Sherry Stein, Americas head of technology, SITA
“The air transport industry is at a post-pandemic crossroads, facing challenges from all sides. While domestic and international travel recovery accelerates globally, airports and airlines are scrambling to provide the seamless travel experience passengers expect, often with slashed workforces and squeezed budgets. A major trend to help navigate the changing aviation and airport landscape in 2023 is that of digital identity.
“Younger generations of travellers demand a more integrated digital journey, and the industry will be forced to respond. Constantly utilising technologies, these travellers will accelerate the digital way of life.

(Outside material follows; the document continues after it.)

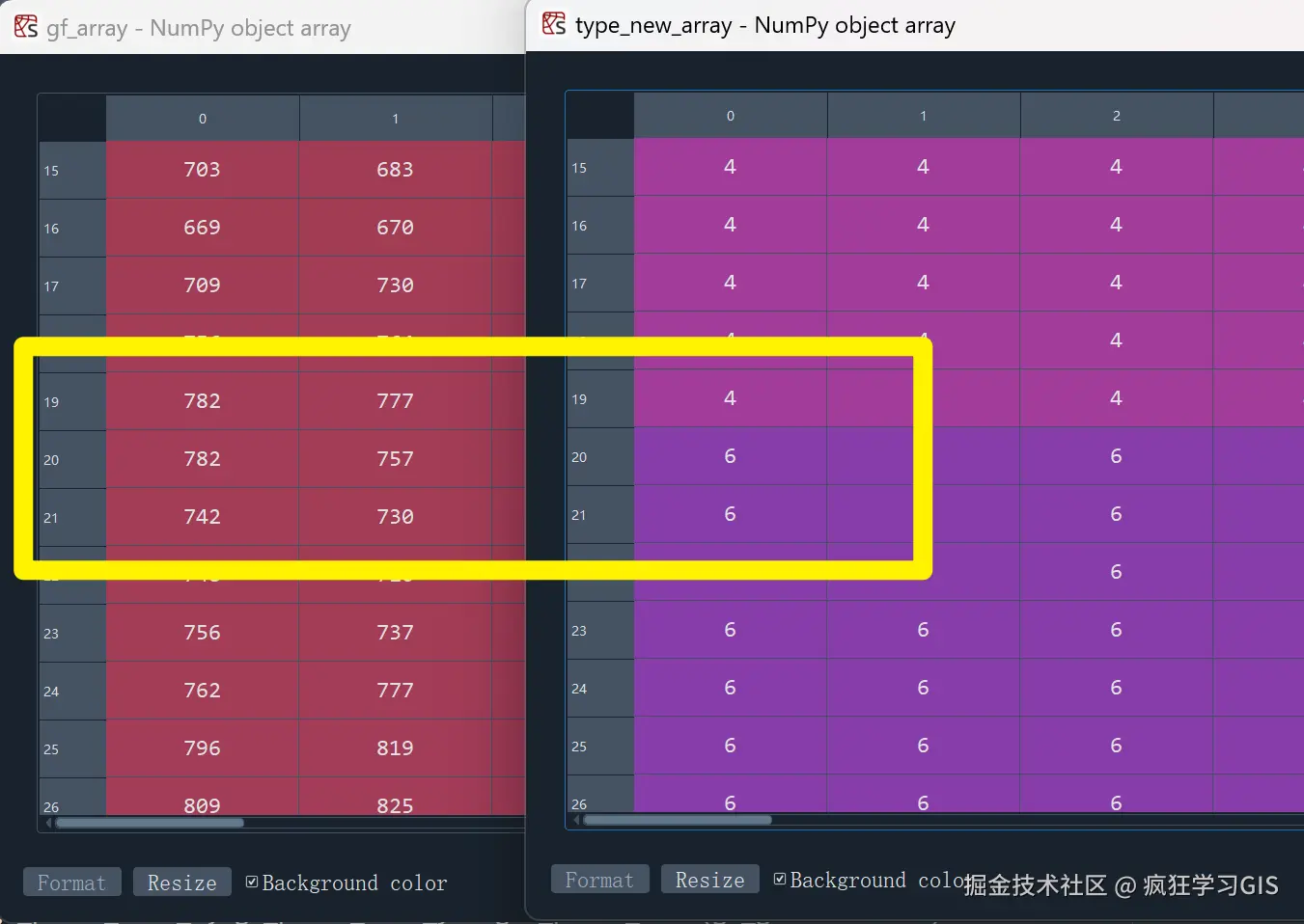 执行上述代码后,我们来检查一下代码的运行是否符合预期。因为大遥感影像的空间分辨率低一些,所以我们就用它来验证我们的结果(空间分辨率低一些的话,验证起来反而更方便)。首先,如下图所示,可以看到,我们的代码结果(也就是type_new_array这个数组)显示,当行号为19与20时,其像素值发生了变化。

Many are frequent travellers who are ‘self-service first’, and they embrace biometrics and digital passes to benefit from travel efficiency and convenience and enhance their overall travel experience.
“Digital identities, border crossings, and mobile platforms offer ample opportunities for younger digital native travellers who are familiar with using their mobile phone as a remote control for travel; market share will increase as digital natives become a more significant proportion of the passenger demographic, creating a seismic shift towards ‘digital first.’
“The combination of digital identities with a self-service technology infrastructure provides a seamless, touchless, and personalised travel experience while allowing travellers to remain firmly in control of their data.”